Top of RECORD SET

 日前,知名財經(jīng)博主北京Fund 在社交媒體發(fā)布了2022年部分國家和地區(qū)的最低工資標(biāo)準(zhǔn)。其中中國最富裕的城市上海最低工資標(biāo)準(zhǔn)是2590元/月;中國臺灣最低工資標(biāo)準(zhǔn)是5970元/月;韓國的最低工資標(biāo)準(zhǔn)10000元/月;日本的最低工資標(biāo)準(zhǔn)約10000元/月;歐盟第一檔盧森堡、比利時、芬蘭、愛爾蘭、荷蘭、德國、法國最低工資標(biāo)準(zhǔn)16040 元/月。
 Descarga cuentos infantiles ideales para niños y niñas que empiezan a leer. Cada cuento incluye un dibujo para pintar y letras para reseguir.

Bottom of RECORD SET
Top of RECORD SET

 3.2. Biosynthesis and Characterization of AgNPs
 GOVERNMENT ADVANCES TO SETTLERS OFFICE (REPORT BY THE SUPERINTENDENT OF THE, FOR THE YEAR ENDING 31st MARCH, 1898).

Bottom of RECORD SET
Top of RECORD SET

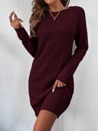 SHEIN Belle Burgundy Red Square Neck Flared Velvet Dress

Bottom of RECORD SET

INSTRUCTIONS TO FOLLOW ::
With the line holding "3.2. Biosynthesis and" as the first and the line holding "GOVERNMENT ADVANCES TO" as the last, set down that range of the entries above exactly, and nothing else.

SOLUTION TO THE PROBLEM ::
 3.2. Biosynthesis and Characterization of AgNPs
 GOVERNMENT ADVANCES TO SETTLERS OFFICE (REPORT BY THE SUPERINTENDENT OF THE, FOR THE YEAR ENDING 31st MARCH, 1898).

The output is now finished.